• _EXERCISE AIM_
From the first line of the entries below through the line holding "そのとき私は、自分が昨日と真", write out every line exactly, please, and leave out the pictures.

[Dataset records]
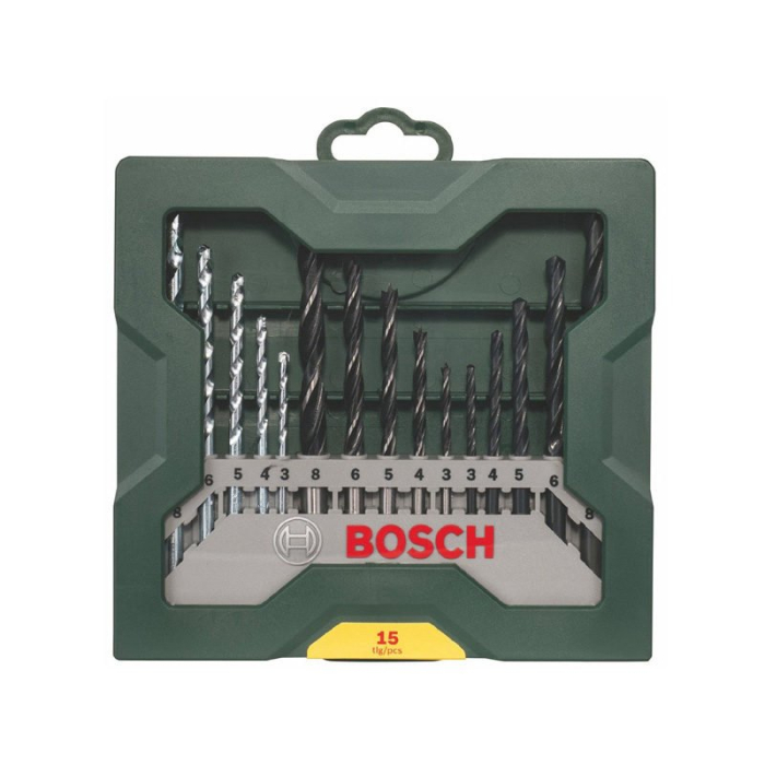 BOSCH set burgija 15- dijelni se sastoji od:-5 burgija za kamen s vrhom od tvrdog metala za udarno bušenje. - 5 burgija za drvo s vrhom za centriranje- 5 kvalitetnih burgija za metal od brzoreznog čelika za precizne provrte. Burgije dolaze u praktičnoj plastičnoj kutiji za odlaganje.
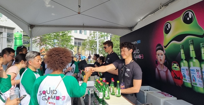 오겜도 진로도 ‘예술’…하이트진로, ‘오징어게임’ 시즌3 뉴욕 팬 이벤트서 부스 운영
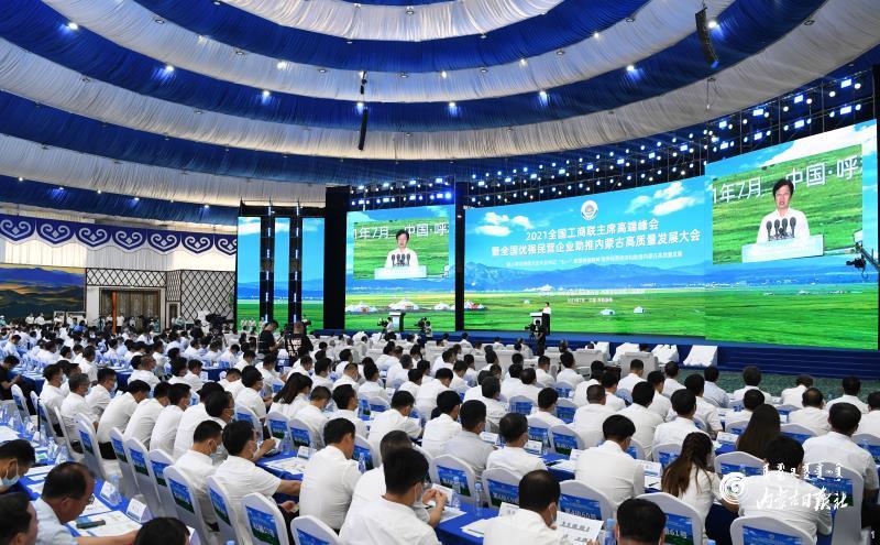 7月20日,2021全国工商联主席高端峰会暨全国优强民营企业助推内蒙古高质量发展大会在呼和浩特举办。(摄影 袁永红)
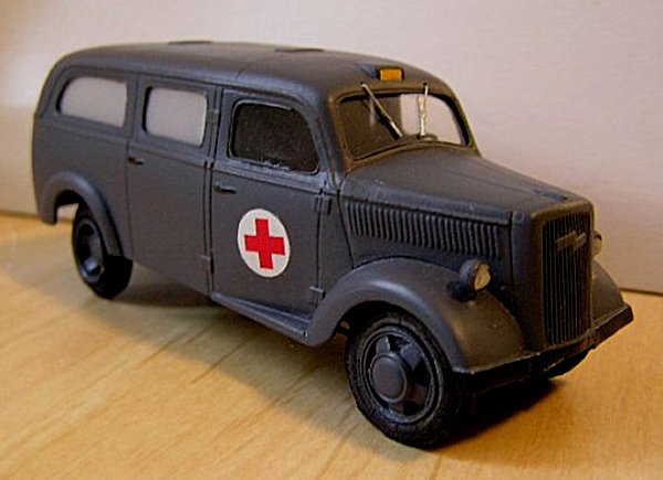 Von dem Kleinbus gingen Anfang 2003 bei eBay vier in diesem späten Wehrmachtsanstrich über den Tisch. Den letzten konnte ich ergattern. Der Krankenwagen kam dann aus den USA nach hier von pb-scalemodels.
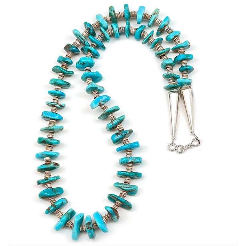 Phenomenal vintage Native American Navajo sterling silver and Kingman turquoise statement heishi nugget bead necklace with shell accents and sterling silver hook & eye closure. * Regional Style: Native American, Southwest * Stone: Turquoise nugget, shell * Size: 20" * Bead Size: varies, graduated design * Color: Blue Turquoise, Shell, Sterling Silver * Tribal Affiliation: Navajo * Base Metal: Sterling Silver hook & eye closure * Material : Turquoise, Sterling, Shell. FREE SHIPPING ON ALL JEWELRY ORDERS WITHIN THE US! WE SHIP ALL ITEMS IN-HOUSE!
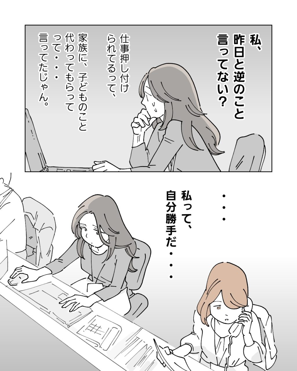 そのとき私は、自分が昨日と真逆のことを考えているのに気が付きました。昨日の自分は「家族に子どもの面倒を見てもらえばいい」そう思っていました。だけど、いざ大宮さんが自分の親を始発で来させるという強硬手段に出れば、「自分だったら休みを取る」って・・・。大宮さんにも事情があるのに、自分のことしか考えられない自分に嫌気がさしました。
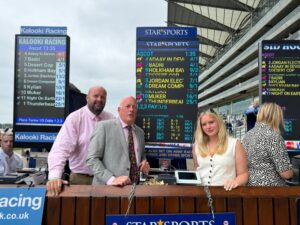 I was called upon to take some bets on the penultimate as Amberley took a comfort break, as usual it was a pleasure to meet people at the sharp end. Business was brisk enough for me, though of course I’m quite ring rusty on the old calls of ‘Eachee Wayzee Win or Placee’ stolen from Alfie Edwards many moons ago. My stint didn’t last long but was fun while it did, I happily handed back over to Amberley the professional. Over in Tatts it was the same story, the lads were grafting and had taken £1500 in very small money. The rails pitch had fielded double that including a bet of £2000 – £200 Champagne Prince as well as getting a £450 bet on a horse at Haydock beaten. Star are always happy to take away bets on any event if you are at the races.
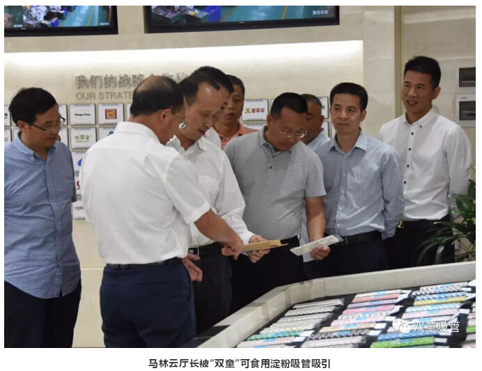 在參觀過程中,馬林云廳長被“雙童”可食用淀粉吸管所吸引?!半p童”可食用淀粉吸管完全采用小麥、大米等天然農(nóng)作物淀粉制作而成,它不僅可以煮成面條,而且可以喂養(yǎng)牲畜。在使用丟棄后,短時間內(nèi)也能在任何生態(tài)環(huán)境下完全自然化解,非常環(huán)保!
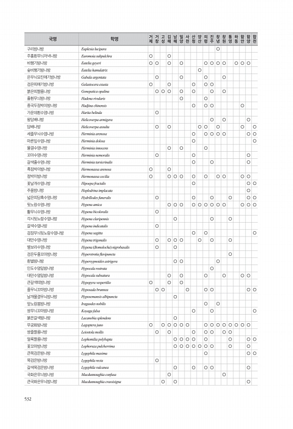532 구리밤나방 Euplexia lucipara ○ 주홍흰무늬저녁나방 Euromoia subpulchra ○ ○ 비행기밤나방 Eutelia geyeri ○ ○ ○ ○ ○ ○ ○ ○ ○ ○ ○ 숲비행기밤나방 Eutelia hamulatrix ○ 은무늬모진애기밤나방 Gabala argentata ○ ○ ○ ○ 검은띠애기밤나방 Gelastocera exusta ○ ○ ○ ○ ○ 붉은띠짤름나방 Gonepatica opalina ○ ○ ○ ○ ○ ○ ○ 줄흰무늬밤나방 Hadena rivularis ○ ○ 중국두점박이밤나방 Hadjina chinensis ○ ○ ○ ○ 가운데흰수염나방 Harita belinda ○ 왕담배나방 Helicoverpa armigera ○ ○ ○ 담배나방 Helicoverpa assulta...
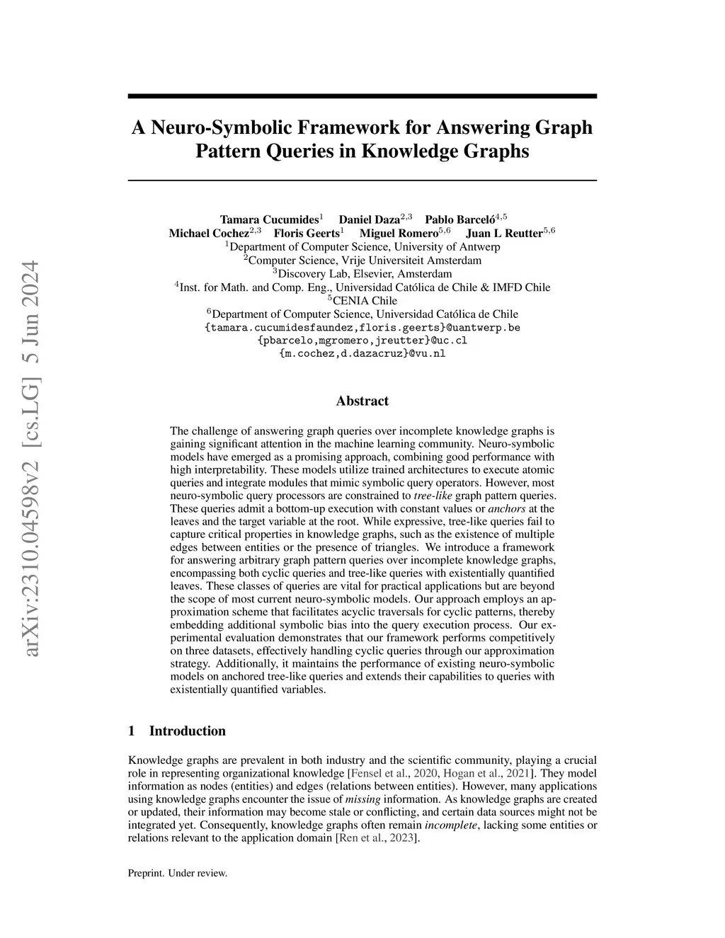 The challenge of answering graph queries over incomplete knowledge graphs is gaining significant attention in the machine learning community. Neuro-symbolic models have emerged as a promising approach, combining good performance with high interpretability. These models utilize trained architectures to execute atomic queries and integrate modules that mimic symbolic query operators. However, most neuro-symbolic query processors are constrained to tree-like graph pattern queries. These queries admit a bottom-up execution with constant values or anchors at the leaves and the target variable at the root. While expressive, tree-like queries fail to capture critical properties in knowledge graphs, such as the existence of multiple edges between entities or the presence of triangles. We introduce a framework for answering arbitrary graph pattern queries over incomplete knowledge graphs, encompassing both cyclic queries and tree-like queries with existentially quantified leaves. These classes of queries are vital for practical applications but are beyond the scope of most current neuro-symbolic models. Our approach employs an approximation scheme that facilitates acyclic traversals for cyclic patterns, thereby embedding additional symbolic bias into the query execution process. Our experimental evaluation demonstrates that our framework performs competitively on three datasets, effectively handling cyclic queries through our approximation strategy. Additionally, it maintains the performance of existing neuro-symbolic models on anchored tree-like queries and extends their capabilities to queries with existentially quantified variables.

• _ANSWER TO THIS EXERCISE_
 BOSCH set burgija 15- dijelni se sastoji od:-5 burgija za kamen s vrhom od tvrdog metala za udarno bušenje. - 5 burgija za drvo s vrhom za centriranje- 5 kvalitetnih burgija za metal od brzoreznog čelika za precizne provrte. Burgije dolaze u praktičnoj plastičnoj kutiji za odlaganje.
 오겜도 진로도 ‘예술’…하이트진로, ‘오징어게임’ 시즌3 뉴욕 팬 이벤트서 부스 운영
 7月20日,2021全国工商联主席高端峰会暨全国优强民营企业助推内蒙古高质量发展大会在呼和浩特举办。(摄影 袁永红)
 Von dem Kleinbus gingen Anfang 2003 bei eBay vier in diesem späten Wehrmachtsanstrich über den Tisch. Den letzten konnte ich ergattern. Der Krankenwagen kam dann aus den USA nach hier von pb-scalemodels.
 Phenomenal vintage Native American Navajo sterling silver and Kingman turquoise statement heishi nugget bead necklace with shell accents and sterling silver hook & eye closure. * Regional Style: Native American, Southwest * Stone: Turquoise nugget, shell * Size: 20" * Bead Size: varies, graduated design * Color: Blue Turquoise, Shell, Sterling Silver * Tribal Affiliation: Navajo * Base Metal: Sterling Silver hook & eye closure * Material : Turquoise, Sterling, Shell. FREE SHIPPING ON ALL JEWELRY ORDERS WITHIN THE US! WE SHIP ALL ITEMS IN-HOUSE!
 そのとき私は、自分が昨日と真逆のことを考えているのに気が付きました。昨日の自分は「家族に子どもの面倒を見てもらえばいい」そう思っていました。だけど、いざ大宮さんが自分の親を始発で来させるという強硬手段に出れば、「自分だったら休みを取る」って・・・。大宮さんにも事情があるのに、自分のことしか考えられない自分に嫌気がさしました。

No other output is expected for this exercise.